Лопата с лязгом воткнулась в каменную кладку.

* * *

Медленно, но верно камень рассыпался под ударами. За ними открывалась непроглядная чернота тоннеля, такого же, как тот, через который они пришли. Тычками тяжелого железного полотна Кэл крошил известняк, пока дыра наконец не стала достаточно большой, чтобы можно было увидеть, что внутри.

Подобрав фонарик с земли, Кэл посветил в проем. Так и есть — туда, дальше, в глубину уходила неровная невысокая горловина, и на этот раз, кажется, даже не заваленная. Луч фонарика не доставал до ее конца и растворялся в недружелюбной темноте.

Кэл вернулся к лопате — и остановился, только сбив последнюю глиняную заслонку.

— Я всё. Ты готов? — Рукавом свитера он вытер пот с лица и вернулся к сидящему на земле и пьющему воду Киарану. — Тебе нужно будет понести мой рюкзак. Я возьму на спину Купера, сам он явно идти не хочет. Ленится.

Кэл взял кое-что из вещей — зажигалку, батарейки для фонарей — и положил в небольшую поясную сумку, которую закрепил спереди. Потом помог Киарану надеть рюкзак. Не забитый, так что он не должен переломить парня пополам, но Кэл, затягивая нагрудный ремень, все равно спросил:

— Справишься?

Вместо того чтобы сказать «да, попробую» или «нет, мне тяжело», Киаран выдал:

— Как вы думаете, остальные живы?

— Я сейчас об этом не думаю, — отрезал Кэл. — В этом не будет никакого толка, если мы сами не выберемся. Сосредоточься на выживании.
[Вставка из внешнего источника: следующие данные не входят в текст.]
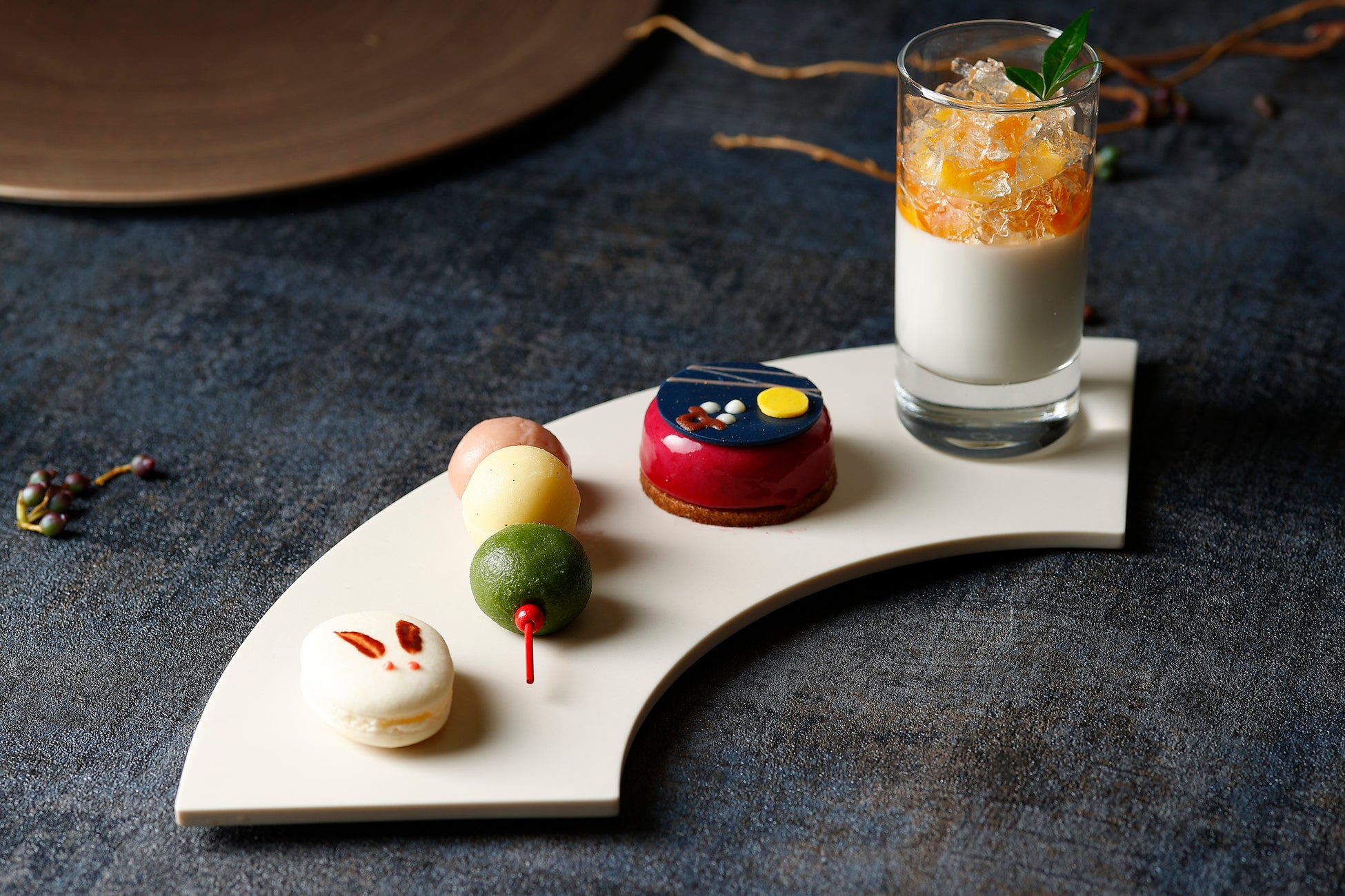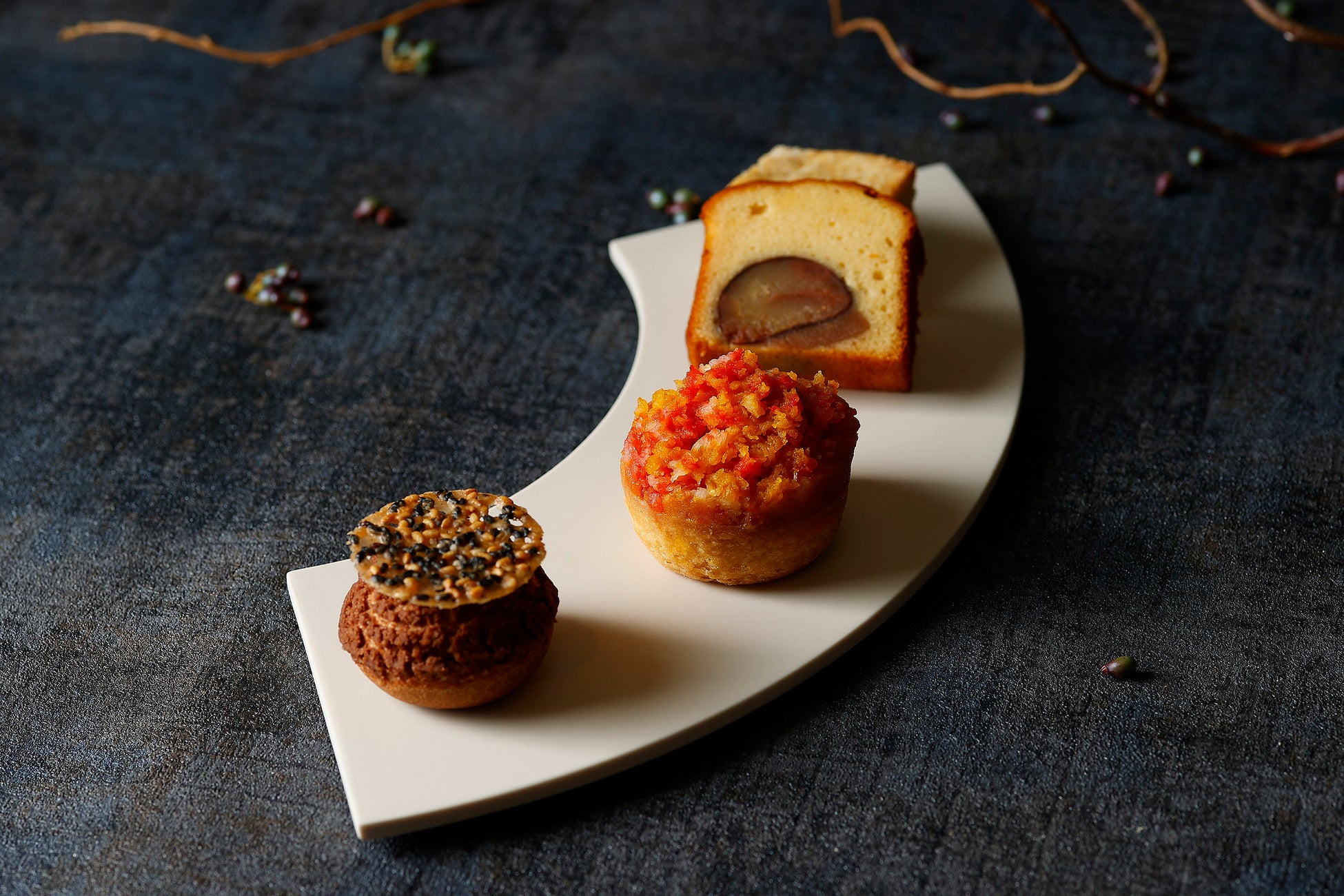 スイーツは、ごろんと入った栗が半月のような「和栗のパウンドケーキ」や、柿のコンポートと桂花陳酒のジュレを月のきらめきに見立てた「早生柿のパンナコッタ」など、月を連想させる品々のほか、ペストリー料理長生野剛哉が六甲山で見た秋の景色から着想を得て誕生した かぼちゃのタルト「紅葉」がミニサイズで登場。ベースになるアーモンドと白餡のタルトに、裏ごししたかぼちゃ餡を竹串でのせていく和菓子の技法を取り入れ、木々が秋色に染まる様子を表現いたしました。セイボリーは、栗とマッシュルームのサラダをムースが覆う「栗のムース トリュフ風味」など、満月をイメージした3種が揃います。

Глядя на то, как пацан расплывчато кивнул, сосредоточенный явно на чем угодно, кроме выживания, Кэл надавил:

— Сейчас мне некогда на это отвлекаться. Ты понимаешь? Мне нужно, чтобы ты сам хотел выжить и прилагал для этого все усилия.

Без этого — без твердого, отчаянного желания выбраться отсюда — у них нет шансов. Ни в этой деревне, ни в этом каменном склепе, ни дальше, куда бы они ни отправились.

Киаран еще раз кивнул, на этот раз более осознанно. Может, до него начинало доходить.

— Тогда пообещай мне, — Кэл похлопал его по накрепко затянутому ремню, — что, если вдруг нас раскидает и ты останешься один, ты сделаешь все, чтобы выжить. Все, что потребуется. Без вот этих твоих приколов со стоянием на коленях и всем прочим.

Он оставил ладонь на куртке Киарана. Там, под ремнем рюкзака, под синтепоном и окровавленным свитером, под клеткой ребер должно было биться чужое сердце. И хотя Кэл никак не мог этого почувствовать, ему показалось, что он ощутил его — сердцебиение, — когда Киаран, сглотнув, ответил:

— Да. Я… обещаю. На смерть я добровольно не отправлюсь.

Да. Это хорошо. Это то, что Кэл хотел услышать. Значит, можно идти.

Настало время уносить отсюда Спящую красавицу. Благо Купер был невесомым — пока Кэл упихивал его в куртку и закидывал себе на спину, у того разве что кости не стучали друг об друга. На спине он ощущался не тяжелее рюкзака, но Кэл очень надеялся, что это не так, — при критическом весе у него откажут и те внутренние органы, которые еще не отказали.

Неаккуратно проделанный проход зиял черной дырой, притягивая взгляд, — неизвестность внутри него могла стать их билетом наружу… Или приглашением в очередной кошмар. Оттуда тянуло холодом и мертвой тишиной. Одной рукой придерживая Купера за руку и колени, другой Кэл направил внутрь этой черной пасти луч фонаря.

— Ну что ж, — пробормотал он, — в добрый путь.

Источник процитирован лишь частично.